Based on its review, the Board concluded that the fund's management fee was fair and reasonable in light of the services that the fund receives and the other factors considered.
In its review of each class's total expenses, the Board considered the fund's management fee as well as other fund or class expenses, as applicable, such as transfer agent fees, pricing and bookkeeping fees, fund-paid 12b-1 fees, and custodial, legal, and audit fees. The Board also noted the effects of any waivers and reimbursements on fees and expenses. As part of its review, the Board also considered current and historical total expenses of each class of the fund compared to competitive fund median expenses. Each class of the fund is compared to those funds and classes in the Total Mapped Group (used by the Board for management fee comparisons) that have a similar sales load structure.
The Board noted that the total expenses of each class ranked below its competitive median for 2005.
In its review of total expenses, the Board also considered Fidelity fee structures and other information on clients that FMR and its affiliates service in other competitive markets, such as other mutual funds advised or subadvised by FMR or its affiliates, pension plan clients, and other institutional clients.
Based on its review, the Board concluded that the total expenses of each class of the fund were reasonable in light of the services that the fund and its shareholders receive and the other factors considered.
Costs of the Services and Profitability. The Board considered the revenues earned and the expenses incurred by Fidelity in conducting the business of developing, marketing, distributing, managing, administering and servicing the fund and its shareholders. The Board also considered the level of Fidelity's profits in respect of all the Fidelity funds.
Annual Report
Board Approval of Investment Advisory Contracts and Management Fees - continued
On an annual basis, FMR presents to the Board Fidelity's profitability for the fund. Fidelity calculates the profitability for each fund, as well as aggregate profitability for groups of Fidelity funds and all Fidelity funds, using a series of detailed revenue and cost allocation methodologies which originate with the audited books and records of Fidelity. The Audit Committee of the Board reviews any significant changes from the prior year's methodologies.

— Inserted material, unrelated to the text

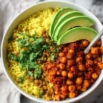 Mama’s Chickpea in Sofrito with Arroz con Gandules is a comforting Puerto Rican-inspired vegetarian dish featuring protein-packed chickpeas simmered in a flavorful sofrito sauce paired with traditional rice and pigeon peas. This vegan and easy-to-make meal is perfect for wholesome dinners and meal prep.

PricewaterhouseCoopers LLP (PwC), independent registered accounting firm and auditor to Fidelity and certain Fidelity funds, has been engaged annually by the Board as part of the Board's assessment of the results of Fidelity's profitability analysis. PwC's engagement includes the review and assessment of Fidelity's methodologies used in determining the revenues and expenses attributable to Fidelity's mutual fund business, and completion of agreed-upon procedures surrounding the mathematical accuracy of fund profitability and its conformity to allocation methodologies. After considering PwC's reports issued under the engagement and information provided by Fidelity, the Board believes that while other allocation methods may also be reasonable, Fidelity's profitability methodologies are reasonable in all material respects.
The Board has also reviewed Fidelity's non-fund businesses and any fall-out benefits related to the mutual fund business as well as cases where Fidelity's affiliates may benefit from or be related to the fund's business.
The Board considered the costs of the services provided by and the profits realized by Fidelity in connection with the operation of the fund and determined that the amount of profit is a fair entrepreneurial profit for the management of the fund.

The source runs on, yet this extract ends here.